Train-set Classification

# ConfusionTableR::binary_visualiseR(train_labels = test$satisfaction,
#                                    truth_labels= test$satisfaction,
#                                    class_label1 = "Not satisfied", 
#                                    class_label2 = "Satisfied",
#                                    quadrant_col1 = "#28ACB4", 
#                                    quadrant_col2 = "#4397D2", 
#                                    custom_title = "Confusion Metric on Airline P", 
#                                    text_col= "black")

Testing set the Model

Result

The demographical profiles of the airline passengers; 65899(51%) were females while 63981(49%) were males.
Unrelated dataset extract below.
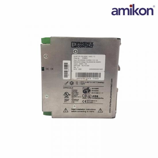 The PHOENIX CONTACT QUINT‑PS100‑240AC/24DC/10 is a high-reliability industrial switching power supply designed for and control applications requiring stable 24 V DC output. It belongs to the QUINT POWER series from Phoenix Contact and is widely used in PLC cabinets, distributed I/O systems, and machine control panels.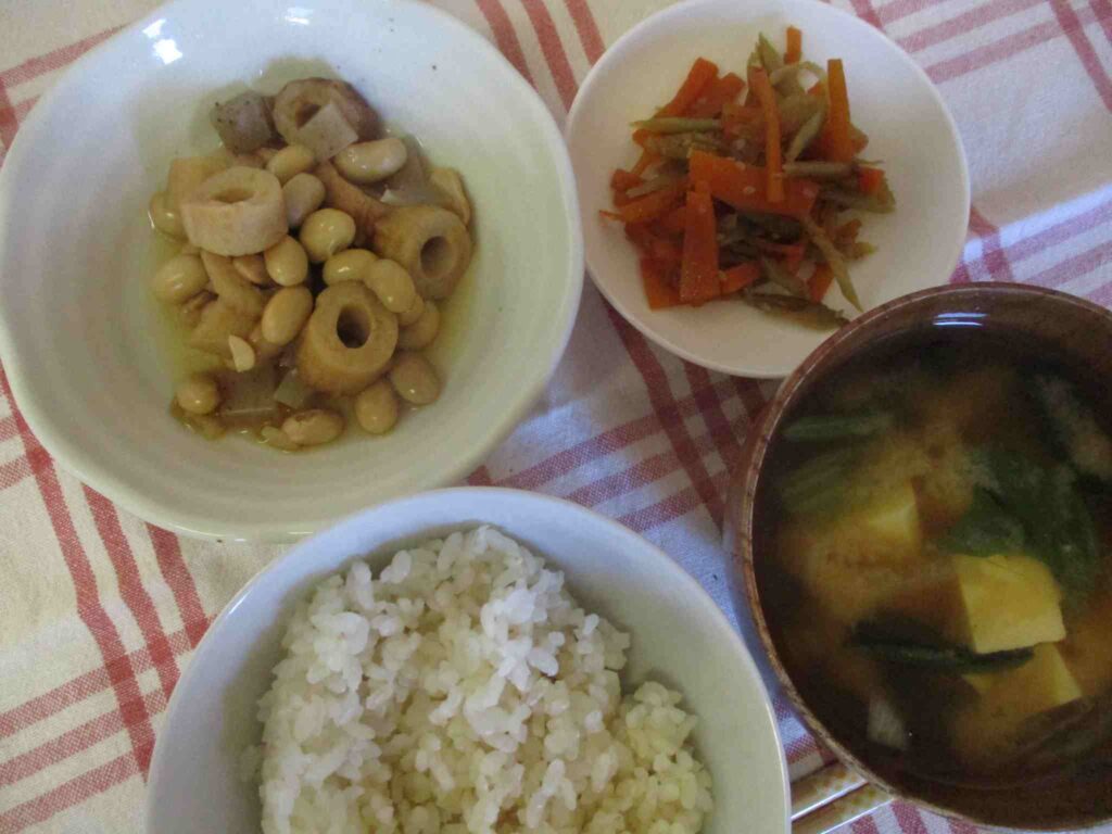 ・五分つきごはん ・ちくわ・大豆・こんにゃくの煮物 ・豆腐・玉ねぎ・ほうれん草のおみそ汁 ・きんぴらごぼう

Customer class, 62160 (48%) were business class, 58309 (45%) were Economic class and 9411(7.2%) were Economic plus class. The mean age of the airline passengers was 39.4 years with a standard deviation of 15. The average flight distance was 1190.2 miles The overall accuracy of the model was found to be 95% with a sensitivity of 97% and specificity of 93%

Conclusion

Most of the customers were unsatisfied with the airline service. Therefore based on these findings, the Random-Forest algorism predicated 57%  at 95%  accuracy with a sensitivity of 97% and specificity of 93% that the participants were not satisfied with the daily operation of the airline industry, especially in the areas involved in Air travelers purchasing ticket/booking online, values added services such, In-flight Wi-Fi service check-in in service, Baggage handling, in-flight entertainments, customer service quality, timely departure time, safety, customer service solutions, price, website ease of use.

Recommendation

Considering that 57% of participants reported not being satisfied with airline service rendered this is a significant proportion that may significantly decrease the daily, weekly or monthly income revenues generated. Therefore, this study recommends that the airline industry should endeavor to improve daily operation services, especially in the areas of travelers purchasing tickets/booking online, value-added services such, as In-flight Wi-Fi service, check-in service, Baggage handling, inflight entertainment, customer service quality, timely departure time, safety, customer service solutions, price, website ease of use. This will increase the volume of patronage and, as a result, boost their market share and hence profitability.